— Матери у них нет, но дедуля возмещает все с лихвой.

В один из этих дней, полных открытий, в мой дом доставили кучу документов по истории племени Расщелины и монстров, свидетельства о рождении первого мужчины. Материал отправил мне ученый, прежде курировавший меня, предлагавший ту или иную тему, представляющую интерес. Я уже распространил несколько работ, на которые обратили внимание — хотя ни одной под собственным именем. Данное предприятие меня просто-напросто испугало. Прежде всего, сам материал. Древние свитки, обрывки свитков… старинный шрифт, чужие языки… Определенная систематизация налицо, но я бы расположил материал совершенно иначе. Всякий раз, когда я пытался определить свою позицию и подход к решению данной задачи, меня встречали непреодолимые трудности. Отпугивал не только масштаб задачи, мне казалось, что я не подходил для подобного исследования.

Но однажды в детской я стал свидетелем небольшой интермедии. Дочке, Лидии, было тогда около четырех, сыну приблизительно года два с половиной. Голого Тита Лидия видела сотни раз, но в этот день обратила на него особое внимание.

— А что это у тебя?

Ее лицо! Испуг, любопытство, зависть, брезгливость… Целый букет противоречивых чувств. Я следил, затаив дыхание. Так же замерли и рабыни.
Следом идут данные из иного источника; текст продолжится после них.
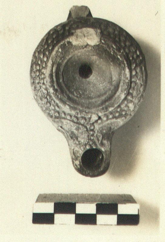 | Description: | Handle missing, otherwise complete. Stamp on bottom: "A". Dull purplish wash. Type XX of Corinth collection. | |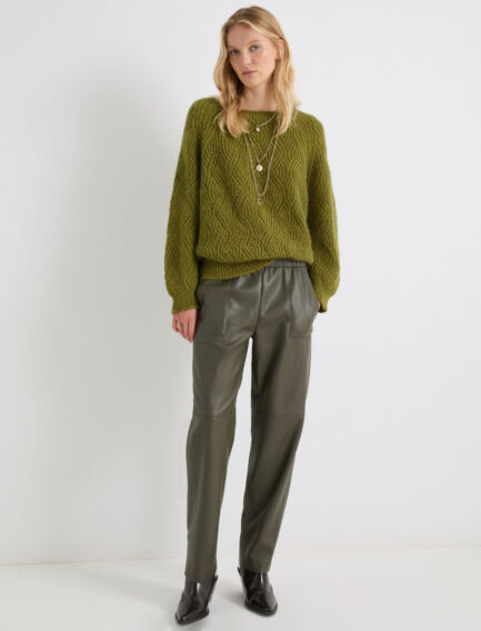 Hlače iz prevlečenega džersija s korenčkovim krojem – VOJAŠKO ZELENA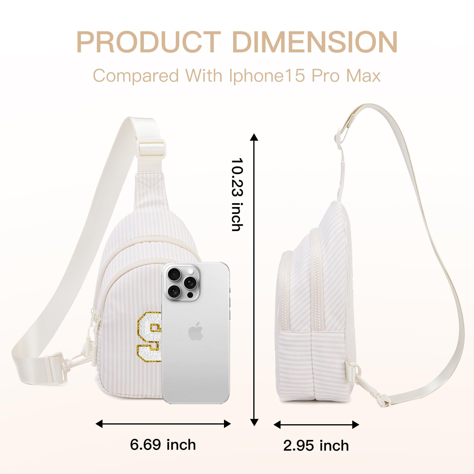 - Product Features: Dimensions: 6.69'' x 10.23'' x 2.95''(L x H x W) Strap length 28.93 to 52.97 inches. The Viverte Initial sling bag is made from high quality material (nylon). It is easy to clean and water resistant. The zips are strong and smooth. It doesn't stick after repeated use, which guarantees long-term use.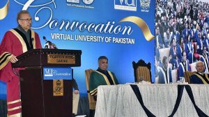 صدرمملکت ڈاکٹر عارف علوی نے تمام سٹیک ہولڈرز پر زور دیا ہے کہ وہ بچوں کے سکولوں میں داخلے کو یقینی بنائیں اور تمام ایف ایس سی کے کوالیفائیڈ طلبا کو اعلیٰ تعلیمی اداروں میں بھیجا جائے،ملک میں پرائمری کے بچوں کے سکولوں میں اندراج کی شرح صرف 68فیصد ہے جبکہ ہمسایہ ملک میں یہ شرح 98فیصد جبکہ ہائر ایجوکیشن میں داخلوں کی شرح صرف 9فیصد ہے اور اگر اس کا موازنہ دیگر علاقائی ممالک سے کیا جائے تو وہاں اس کی شرح 60فیصد ہے جو کہ ملک میں معاشی اور واقتصادی ترقی کی رفتار کے حصول اور معیاری انسانی وسائل کی ضروریات کے لیے انتہائی نا کافی ہے ۔انہوں نے ان خیالات کا اظہار جمعرات کو ورچوئل یونیورسٹی آف پاکستان کے کانووکیشن کی تقریب سے خطاب کرتے ہوئے کیا۔تقریب میں یونیورسٹی کے فیکلٹی ،طلبہ اور انکے والدین نے شرکت کی۔ تقریب سے خطاب کرتے ہوئے صدر مملکت نے کہا کہ سکول جانے والی عمر کے تمام بچوں کو سکولوں میں جانا چاہئے اور کوئی بچہ بھی تعلیم سے محروم نہیں رہنا چاہئے جوکہ ملک کی ترقی کیلئے لازم ہے ۔انہوں نے کہا کہ جنوب ایشائی خطے کے ممالک سے اگر موازنہ کیا جائے تو پاکستان میں پرائمری سطح پر سکولوں میں بچوں کا اندراج صرف 68فیصد ہے جبکہ ہمسایہ ملک میں یہ شرح 98فیصد ہے۔انہوں نے کہا کہ پرائمری سطح پر سکولوں میں بچوں کے اندراج کی اتنی کم شرح خطرے کی علامت ہے اور پوری قوم کیلئے لمحہ فکریہ ہے ۔صدرمملکت نے کہا کہ یونیورسٹیاں طلبہ کو داخلے نہ دیکر عام طور پر فخر محسوس کرتی ہیں جبکہ ہزاروں طلبا کی یہ خواہش ہوتی ہے کہ وہ اعلیٰ تعلم حاصل کریں ۔انہوں نے کہا کہ یہ عمل ٹھیک نہیں اور اس کی حوصلہ شکنی کرنے کی اشد ضرورت ہے انہوں نے ملک کے سرکاری اور الحاق شدہ اعلیٰ تعلیمی اداروں پر زور دیا کہ وہ تمام طلبا جو اپنی صلاحیتوں اور استعداد کار کو بڑھانے کی کوشش کرتے ہیں ان کے مذکورہ تعلیمی اداروں میں 100فیصد داخلوں کو یقینی بنانا چاہئے تاکہ اعلیٰ تعلیم سے مزین گریجویٹس آن لائن اعلیٰ تعلیم حاصل کرکے ملکی ترقی میں اپنا کردار ادا کرسکیں ۔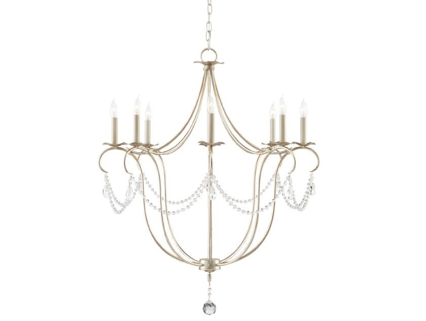 The Crystal Lights Silver Large Chandelier drips with crystal

Момент открытия.

Тит выпятил свое хозяйство вперед, принялся дергать бедрами, болтая писькой.

— Мое, мое! — гордо закричал он. — А у тебя — ничего! — презрительно добавил мальчик.

Лидия опустила голову и глянула на свой животик и ниже, где розовела аккуратная щелочка.

— Почему? — спросила она, обращаясь ко всем: ко мне, к нянькам, к Титусу. — Почему у него есть, а у меня нету?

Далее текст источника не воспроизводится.